Multi-tenant design practices for cloud-based solutions

Tenant models determine the level of isolation required across resources that pertain to data, storage, network, and processing. This will ensure that each tenant’s data and processes are secure and cannot be accessed by other tenants. Therefore, it is important to choose the right tenant model based on specific non-functional requirements for security, scalability, and cost-effectiveness.

Different tenant models have their own advantages and disadvantages; the choice of which will depend on factors such as the number of tenants, the complexity of the application, and the level of data isolation required. Two opposite examples of tenant models are (a) fully shared Instance where multiple tenants share the same application (and other resource) instances, but each tenant has their own virtual environment within that instance, and (b) fully isolated Instance where each tenant has their own dedicated instances for application, database, and infrastructure.

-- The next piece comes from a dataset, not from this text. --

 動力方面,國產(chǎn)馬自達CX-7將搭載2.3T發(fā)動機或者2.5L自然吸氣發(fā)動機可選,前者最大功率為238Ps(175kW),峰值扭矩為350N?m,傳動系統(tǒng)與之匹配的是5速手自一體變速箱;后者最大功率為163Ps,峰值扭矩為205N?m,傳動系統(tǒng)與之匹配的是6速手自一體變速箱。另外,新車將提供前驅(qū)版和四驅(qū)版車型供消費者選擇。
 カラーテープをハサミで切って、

Organizations can determine a possible design based on the level of isolation, customization, scalability, complexity and total cost, and often settle on a design solution that lies somewhere in between the two tenant models after performing suitable trade-off analysis between various non-functional requirements.

Design practices

Designing multi-tenant systems for the cloud requires careful planning and consideration of various cloud concepts and resourcing requirements.

Resource organization

Cloud platforms arrange their instantiated resources and services based on some organizational structuring or hierarchical arrangement. When planning out a multi-tenant solution, it is advantageous to define the tenants, divisions and organizations that will be using the system, including eliciting their various functional and non-functional needs. Further, it would also be prudent to identify the different groups of users that will be accessing these cloud resources and defining their access needs. By undergoing this exercise, a conceptual and logical grouping of resources and services would emerge that could be used to drive the resource organization design. Once such an understanding has been established, resource groups, namespaces or other grouping mechanisms native to each cloud platform can collectively identify resources that belong to a specific tenant. This can simplify the management of resources and provide better visibility and control over tenant-specific resources. Finally, configuration settings can customize the behavior of the application or service for each tenant, such as settings related to branding, access control, and other tenant-specific requirements.

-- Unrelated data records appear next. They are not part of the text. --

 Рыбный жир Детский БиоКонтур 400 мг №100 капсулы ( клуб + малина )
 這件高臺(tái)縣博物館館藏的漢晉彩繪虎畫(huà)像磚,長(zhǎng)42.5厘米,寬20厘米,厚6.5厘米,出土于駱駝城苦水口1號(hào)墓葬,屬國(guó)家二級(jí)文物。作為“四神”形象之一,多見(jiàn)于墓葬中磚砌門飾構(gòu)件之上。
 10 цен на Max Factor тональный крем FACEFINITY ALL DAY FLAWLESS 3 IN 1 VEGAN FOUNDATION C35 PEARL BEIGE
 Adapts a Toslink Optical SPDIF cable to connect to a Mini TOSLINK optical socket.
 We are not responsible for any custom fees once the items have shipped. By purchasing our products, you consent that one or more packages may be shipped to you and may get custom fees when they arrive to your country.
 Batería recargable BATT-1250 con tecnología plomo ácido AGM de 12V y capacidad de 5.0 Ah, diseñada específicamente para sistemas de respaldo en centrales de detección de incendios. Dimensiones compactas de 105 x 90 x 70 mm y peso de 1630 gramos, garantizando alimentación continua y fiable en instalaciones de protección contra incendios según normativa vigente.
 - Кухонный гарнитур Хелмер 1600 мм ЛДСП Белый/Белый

Identity and access management

IAM (Identity and Access Management) refers to the ability for cloud platforms to provide authorization and authentication controls for users and services who require access to various cloud services. Multi-tenancy in IAM refers to the ability to manage access to resources for multiple organizations or tenants within a single IAM system. Setting up multi-tenancy in IAM requires a multi-pronged approach that leads from the previous organizational and resource design step. A robust authentication and authorization mechanism ensures that only authorized users can access the application and data with role-based access control (RBAC) mechanisms can then be used to grant permissions to resources based on the roles and responsibilities of the tenant, thus ensuring that each tenant has access only to the resources they need and prevents unauthorized access to other tenants’ resources. RBAC can enforce strict access controls and prevent unauthorized access to sensitive data. IAM policies for the tenants are defined based on the determined IAM architecture; these policies articulate the access rights and permissions for each tenant’s users. Based on these policy definitions, the IAM services are then configured to enforce the policies and confirm that each tenant’s users are only able to access the resources they are authorized to access.

Network

Ensuring tenant isolation at a network level is critical to prevent unauthorized access to tenant data and ensure the security of the multi-tenant system. Several network mechanisms can be used to attain this objective. Virtual Networks (VNets) and Virtual Private Clouds (VPCs) provide logical isolation between tenants by creating a virtual network for each tenant, with each VPC isolated from other VPCs while being configured with its own security rules and access controls. Additionally, network segmentation techniques, such as subnets and VLANs, further isolate tenant traffic within VPCs and prevent lateral movement of traffic between tenants. Private IP addressing within the VPCs results in tenant traffic staying within the VPC and does not traverse the public internet.

Outside of VPC design, VPN connections enable secure connectivity between the VPCs and tenant networks, and ensure that tenant traffic remains secure and isolated from other traffic on the public internet. Firewall rules control access to and from each VPC and should be configured to allow only authorized traffic and block all other traffic. Finally, Network Access Control (NAC) rules support the access of only authorized and trusted devices and users to the network through defined network security policies.

Application

There are several ways to support compute resource isolation, based on the tenant model and design that has been determined. Containerization technology is an excellent approach to have each tenant’s processes run in a separate compute resource (or containers). Containers provide lightweight, isolated execution environments that can be easily deployed and managed and be provisioned for a specific tenant based on assignment of tenant identifiers. Containers provide a middle-of-the-road approach to compute tenant isolation. If complete tenant isolation is required, then dedicated compute resources (like Virtual Machines) could be provisioned that just serve a single tenant. For shared instance, a single running application could serve multiple tenants by serving all incoming user and system requests by mandating a tenant identifier be part of those calls. This way, the application is aware of which tenant is being handled, and executes tenant specific logic while updating tenant-specific data locations.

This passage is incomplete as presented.